La Dirección General Impositiva (DGI), que es el principal organismo recaudador de impuestos del país, está implementando un nuevo Modelo de Gestión de Cumplimiento Tributario orientado a facilitar el cumplimiento por parte de los contribuyentes concebidos como sujetos de derecho. Esto significa poner el foco no en el incumplimiento (aunque se fiscalice y sancione), sino en favorecer que los ciudadanos cumplan con sus deberes fiscales. Para lo anterior está llevando a cabo una serie de proyectos e iniciativas que involucran a un gran número de funcionarios del organismo y que implican nuevas herramientas de análisis, rediseño de procesos, simplificación de trámites y promoción de una estructura organizativa diferente que se oriente a colaborar con el contribuyente, no a castigarlo, y que implique una forma novedosa de gestión en la administración pública (véase la entrevista realizada por este medio al director general de Rentas, el economista Gustavo González Amilivia, publicada el 6 de noviembre).

Si analizamos cuál es la posición filosófica detrás de estos cambios que se promueven, es posible encontrar una explicación teórica en el concepto de agencia y, específicamente, en el de agencia compartida. Hablar de agencia y de impuestos podría resultar, a primera vista, contradictorio. La propia palabra impuestos remite a la idea de imposición, a algo que no es voluntario. Por otro lado, el concepto de agente (aunque existen varias teorías),1 es lo contrario. Se trata de una persona autónoma, capaz de deliberar y actuar sobre la base de razones y no de imposiciones.

La dogmática tributaria2 enfatiza esta noción de imposición, desde el punto de vista jurídico-tributario cuando, al distinguir el concepto de impuesto del de tributo, lo define como aquella especie tributaria por la cual el sujeto que lo debe no recibe ninguna contraprestación estatal a cambio. Por las tasas y las contribuciones especiales de seguridad social (que conforman las otras dos especies tributarias dentro de nuestro ordenamiento jurídico, artículo 10 del Código Tributario) se supone que el individuo sí recibe, como contrapartida, una actividad del Estado. Más allá de la pertinencia didáctica de esta distinción, desde el punto de vista teórico (lo que es reconocido por dicho autor), es posible desafiarla.

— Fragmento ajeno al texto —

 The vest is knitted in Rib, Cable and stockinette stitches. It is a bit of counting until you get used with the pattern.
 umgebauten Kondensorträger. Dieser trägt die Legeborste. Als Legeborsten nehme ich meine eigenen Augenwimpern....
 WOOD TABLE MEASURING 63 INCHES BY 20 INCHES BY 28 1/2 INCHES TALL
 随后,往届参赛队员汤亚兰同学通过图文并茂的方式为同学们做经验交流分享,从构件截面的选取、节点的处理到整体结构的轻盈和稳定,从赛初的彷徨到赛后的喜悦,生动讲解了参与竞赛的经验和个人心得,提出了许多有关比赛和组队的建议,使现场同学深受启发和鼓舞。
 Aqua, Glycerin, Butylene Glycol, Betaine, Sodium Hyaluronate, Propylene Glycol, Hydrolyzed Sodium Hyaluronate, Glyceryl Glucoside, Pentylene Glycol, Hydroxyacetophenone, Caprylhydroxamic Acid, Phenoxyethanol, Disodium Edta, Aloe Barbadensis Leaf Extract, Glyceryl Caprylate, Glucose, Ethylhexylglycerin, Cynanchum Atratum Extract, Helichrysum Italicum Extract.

Parece necesario detenerse en el concepto de contraprestación o de independencia de actividad estatal y mirarla desde un punto de vista menos inmediato. Si bien es cierto que cuando el individuo paga un impuesto no recibe una prestación concreta a cambio, como cuando compra un bien determinado o paga por un servicio, eso no significa que por el impuesto no reciba nada a cambio. Como se ha señalado, los impuestos no sólo contribuyen a que el Estado proteja los derechos económicos y sociales de las personas, sino también sus derechos civiles y políticos, los que también tienen un costo relevante.3

Todas las personas (potencialmente) estamos en una situación vulnerable con respecto a nuestra vida y nuestra libertad. Las instituciones como la Policía o el Poder Judicial y todas las garantías que existen en un estado de derecho (rule of law) son posibles porque todas las personas contribuimos a su sostén mediante los impuestos. Por lo tanto, aunque no haya en simultáneo una prestación mirada como equivalente con otra (como puede existir en un contrato), no parece el caso que los impuestos sean independientes de la actividad estatal o no les otorguen a los individuos nada a cambio.

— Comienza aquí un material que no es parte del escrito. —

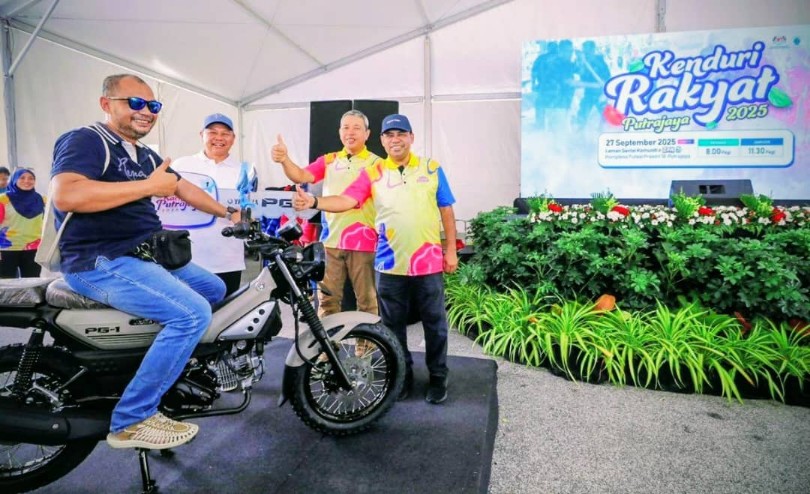 Amir Sarifudin Hashim seorang anggota komuniti Putrajaya dari Presint 9, menunjukkan tanda suka selepas menerima hadiah utama cabutan bertuah, sebuah motosikal Yamaha berharga kira-kira RM6,800.

Por otro lado, aunque algunos autores de la dogmática tributaria y algunas teorías económicas enfaticen que los impuestos no son voluntarios, hay buenas razones para sostener lo contrario.

Las posiciones teóricas libertarias,4 que conciben los impuestos como violatorios de la libertad individual, ya que consideran a los sujetos como titulares de ciertos derechos absolutos frente al Estado, no dejan de tener puntos de contacto con la visión de los sujetos como egoístas racionales;5 esto significa que las personas están (en su visión) preocupadas por ellas y sus familias o las personas de su círculo cercano, con respecto a las cuales desarrollan emociones o sentimientos favorables, pero no tienen un interés en favorecer a personas que no conocen.

Sin embargo, aun desde la concepción de las personas como egoístas racionales (diferente a la concepción rawlsiana de persona autointeresada),6 es posible pensar que, racionalmente, quieran pagar impuestos. Al menos para protegerse a sí mismos y a sus familias o amigos de una violación a su seguridad o a su integridad personal. Y aun cuando se sostenga que, si estas personas administraran por completo “su” dinero, podrían proveerse la seguridad a sí mismas, todavía tienen tales teorías la carga de la argumentación en cuanto a por qué no sería posible concebir el Estado en términos de cooperación entre agentes autónomos racionalmente competentes.

La visión de los impuestos y del derecho y el propio Estado como algo ajeno a la voluntad individual enfrenta el desafío de explicar por qué el individuo, concebido como autónomo y racional, toleraría algo que es contrario a sus intereses y a su voluntad. Esta objeción no la enfrenta una posición teórica que parta de la concepción del individuo como agente, capaz de decidir acerca de su destino y de su forma de organización colectiva, a la cual la visión del Estado no le es ajena, sino que la concibe como algo que él mismo decide y que contribuye a su bienestar personal y compartido.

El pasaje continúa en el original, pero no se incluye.